И Джерри блаженствовал. Он легко мог разжиреть до отупения, если бы не его неутомимое любопытство и сильно натянутые нервы. Пользуясь свободой во всем Сомо, он вечно его исследовал, изучая границы и межи, знакомился с обычаями диких существ, обитавших в лесах и на болотах и не признававших лежавшего на Джерри табу.

Много случалось с ним приключений. Он выдержал две битвы с лесными крысами, почти не уступавшими ему по величине. Эти дикие крысы, попав в безвыходное положение, сражались так, как с ним еще никто и никогда не сражался. Первую он убил, не зная, что то была старая и слабая крыса. Вторая, в расцвете сил, так его проучила, что он, больной и обессилевший, приполз в дом лекаря, где и пролежал неделю под сухими эмблемами смерти, зализывая свои раны и медленно возвращаясь к жизни и здоровью.

Он крался к дюгоню[162] и радовался, обращая в бегство это глуповатое, робкое животное неожиданным яростным нападением; хотя он прекрасно знал, что из таких нападений толку не выйдет, его подзадоривала и веселила удавшаяся шутка. Он выгонял тропических уток из их хитро припрятанных гнезд, осторожно бродил среди вылезших подремать на берег крокодилов, пробирался под сводами джунглей и выслеживал белоснежных дерзких какаду, свирепых морских орлов, тяжелокрылых сарычей, райских попугаев и зимородков и болтливых мелких попугаев.

За пределами Сомо он трижды встретил маленьких черных лесных жителей, которые больше походили на призраков, чем на людей, — так бесшумно и незаметно они двигались; они охраняли кабаньи тропы в джунглях и во время этих трех достопамятных встреч промахнулись, метая в него копьем. И лесные крысы, и эти двуногие существа, скрывавшиеся в сумерках джунглей, научили Джерри осторожности. Он не ввязывался с ними в драку, хотя они и пытались пронзить его копьем. Он быстро усвоил, что то был иной народ, не похожий на племя Сомо, и его табу для них ничего не значит. А кроме того, они были своего рода двуногими богами, посылающими смерть, которая доставала дальше, чем простирались их руки.

По деревне Джерри бегал так же свободно, как и по джунглям. Не было для него священных мест. В дома шаманов, где мужчины и женщины в страхе и трепете припадали к земле перед лицом тайны, он входил напряженный, ощетинив шерсть, ибо здесь висели свежие головы, а его зоркий глаз и чуткое обоняние говорили ему, что эти головы некогда принадлежали тем чернокожим, каких он знавал на борту «Эренджи». В самом большом дьявольском доме он наткнулся на голову Боркмана и зарычал на нее, не получая ответа; ему вспомнилась битва, какую он выдержал на палубе «Эренджи» с подвыпившим помощником.

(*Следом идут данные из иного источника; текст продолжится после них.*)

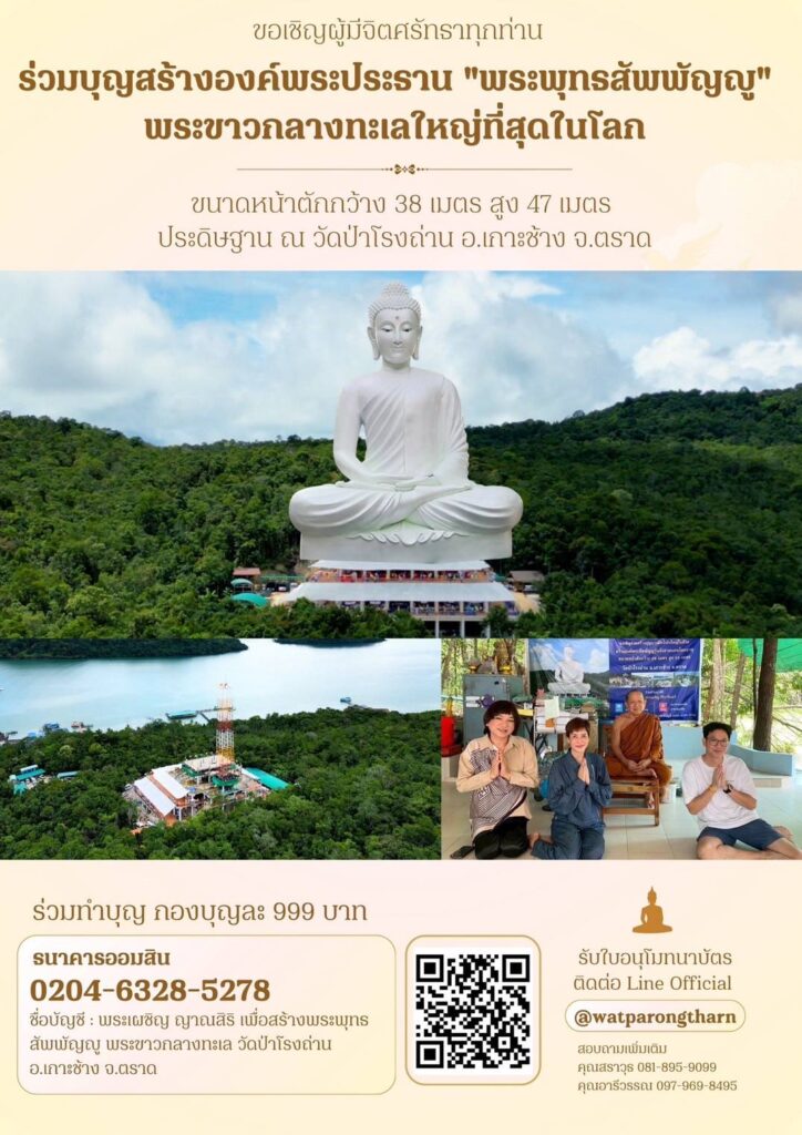 ร่วมเป็นเจ้าภาพบุญสร้าง “พระพุทธสัพพัญญู” ได้โดยเป็นเจ้าภาพกองบุญละ 999 บาท หรือร่วมทำบุญตามกำลังศรัทธา สามารถร่วมบุญได้ที่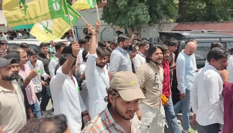 हिसार: हिसार की जीजेयू यूनिवर्सिटी में गुरुवार को जेजेपी की छात्र इकाई इनसो के छात्रों और पुलिस के बीच तीखी गहमागहमी देखने को मिली. सैकड़ों छात्र प्रदर्शन करते हुए वीसी ऑफिस तक पहुंच गए और गेट खोलने की कोशिश की, लेकिन वे सफल नहीं हो सके. कुलपति (वीसी) को पहले ही दूसरे गेट से बाहर निकाल दिया गया था, जिसके चलते छात्रों में और नाराजगी बढ़ गई.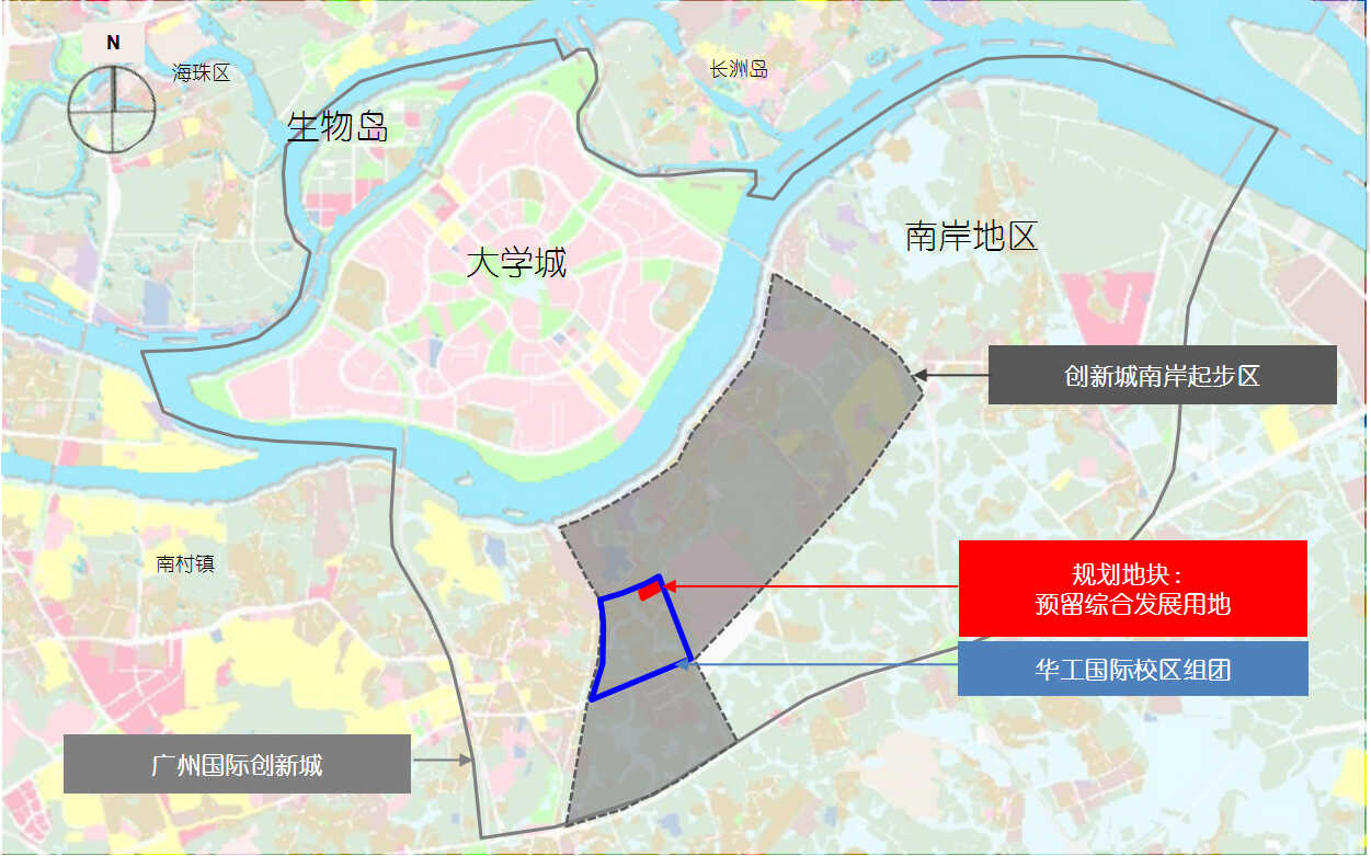 华工国际校区是由教育部、广东省政府、广州市政府和华工四方共建的市重点项目。2019年7月24日,第15届80次市府常务会审议通过了《华南理工大学广州国际校区二期土地出让配建模式实施方案》(下称《方案》)。2019年7月30日,市住建局印发实施《方案》,明确“出让校内原预留综合设施用地”,配建华工国际校区二期第一批工程”。市规划和自然资源局根据实施方案任务分工组织编制了华工国际校区组团预留综合发展用地控制性详细规划。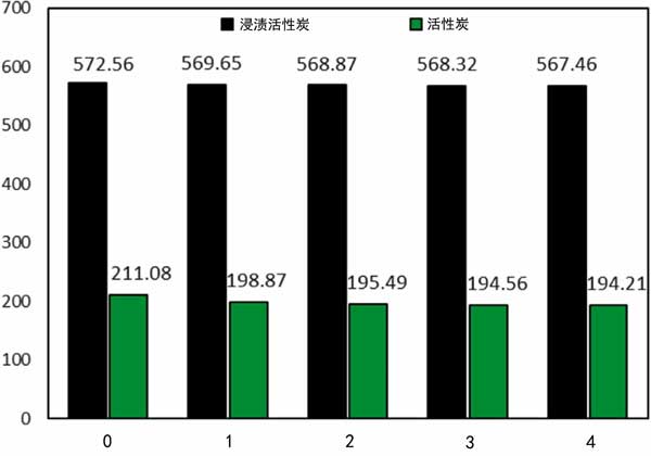 為了研究吸附劑吸收汽油蒸汽的性能,我們進一步評估了樣品在吸附-解吸循環(huán)中的可重復(fù)使用性。在恒溫下,1小時后,當吸附劑達到飽和狀態(tài)時,浸漬再生過程。四個吸附循環(huán)后,蒸汽吸附容量為567mg/g,所用吸附劑保持大量吸收分子。HMTA-AC-D樣品表明蒸汽吸收略有減少約0.89%,而活性炭樣品的這一量為7.9%(圖3)。在高循環(huán)下,由于孔隙的逐漸破壞和不完全脫氣,吸收量可能會顯著降低。根據(jù)我們的發(fā)現(xiàn),與文獻相比,制成的吸附劑在物理和熱學上表現(xiàn)出更高的穩(wěn)定性。這些結(jié)果表明,樣品在回收汽油蒸汽時具有很高的可持續(xù)性,可以作為一種有效的吸附劑提出并考慮。
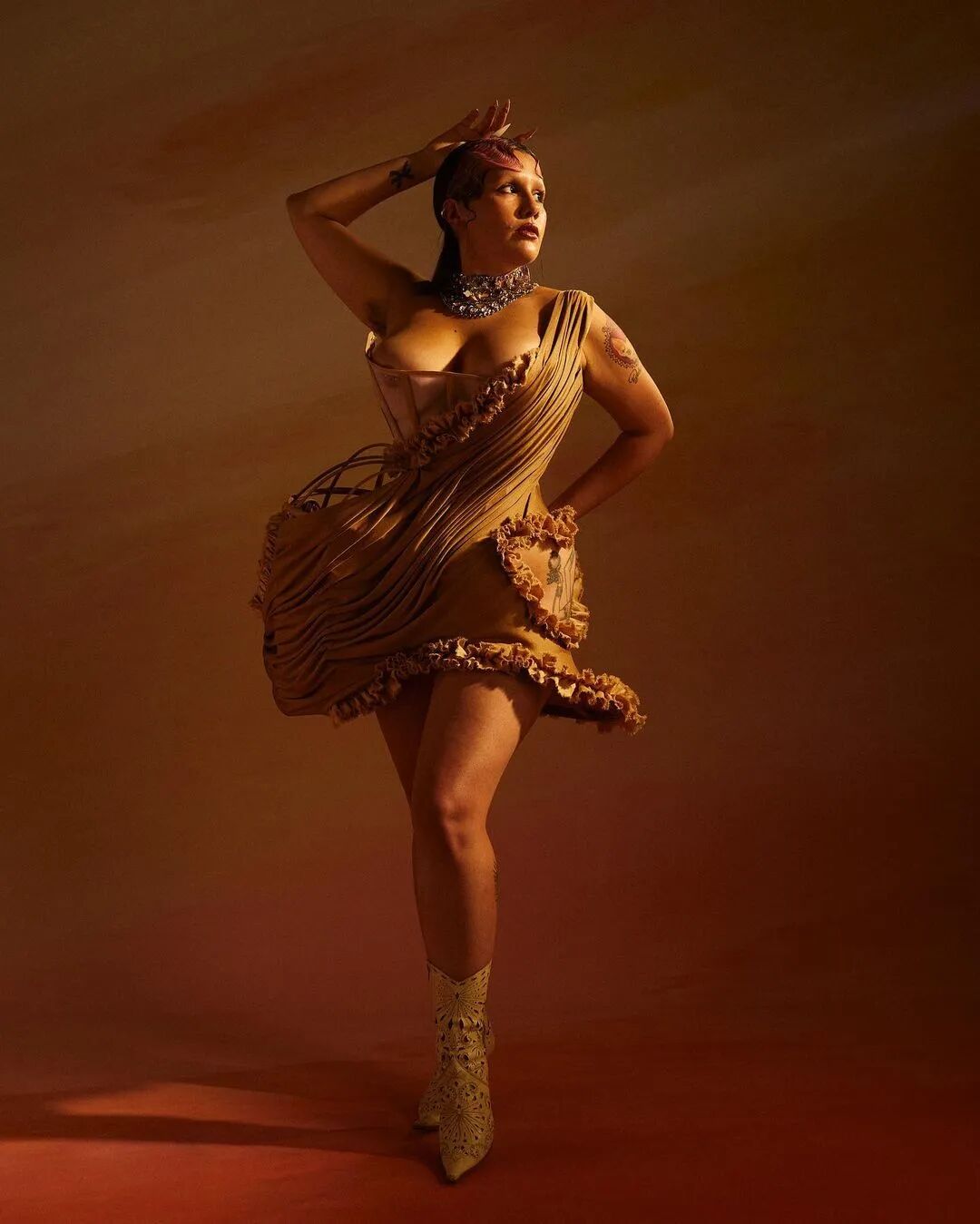 来自巴黎的年轻设计师Victor Weinsanto从小接受芭蕾舞训练,2020年成立同名品牌,曾师从时尚大师Jean Paul Gaultier,Y/Project、和 Chloé 工作过,他对创造超现实的时装并不陌生。2022年,他入围LVMH青年设计师大奖赛半决赛,成为一颗冉冉升起的设计明星。

Однажды в доме Башти Джерри случайно увидел все, что осталось на земле от шкипера. Башти жил очень долго, жил в высшей степени мудро, о многом передумал и прекрасно знал, что пережил век, положенный человеку, и жить ему осталось мало. И он интересовался всем этим — смыслом и целью жизни. Он любил мир и жизнь, где так счастливо родился, любил за установленный порядок и то положение, какое ему досталось и вознесло его над жрецами и народом. Смерти он не боялся, но его занимало, будет ли он жить снова. Он перерос глупые воззрения плутоватых жрецов и чувствовал себя очень одиноким в хаосе сбивающей с толку проблемы.

Он жил так долго и так счастливо, что ему приходилось наблюдать, как вянут и исчезают все могучие стремления и желания. Были у него жены и дети, и он знавал острый юношеский голод. Он видел, как его дети вырастали, превращались в мужчин и женщин, становились отцами и дедами, матерями и бабками. Но, познав женщину, любовь, отцовство и чревоугодие, он оставил это за собой. Пища? Вряд ли понимал он ее смысл, так мало он теперь ел. Голод, впивавшийся в него, как шпоры, когда он был молод и здоров, давно уже перестал терзать его и возбуждать. Он ел из чувства необходимости и долга и мало заботился о том, что ест, за одним только исключением: он любил яйца мегаподов[163]; каждый сезон эти птицы неслись на особом птичьем дворе, который являлся частной собственностью Башти и охранялся строжайшими табу. Вот все, что осталось от чувственных вожделений Башти. Во всем же остальном его жизнь сводилась к работе мысли: он правил своим народом и выискивал данные, откуда можно вывести законы, какие сделают народ сильнее и закрепят его власть над жизнью.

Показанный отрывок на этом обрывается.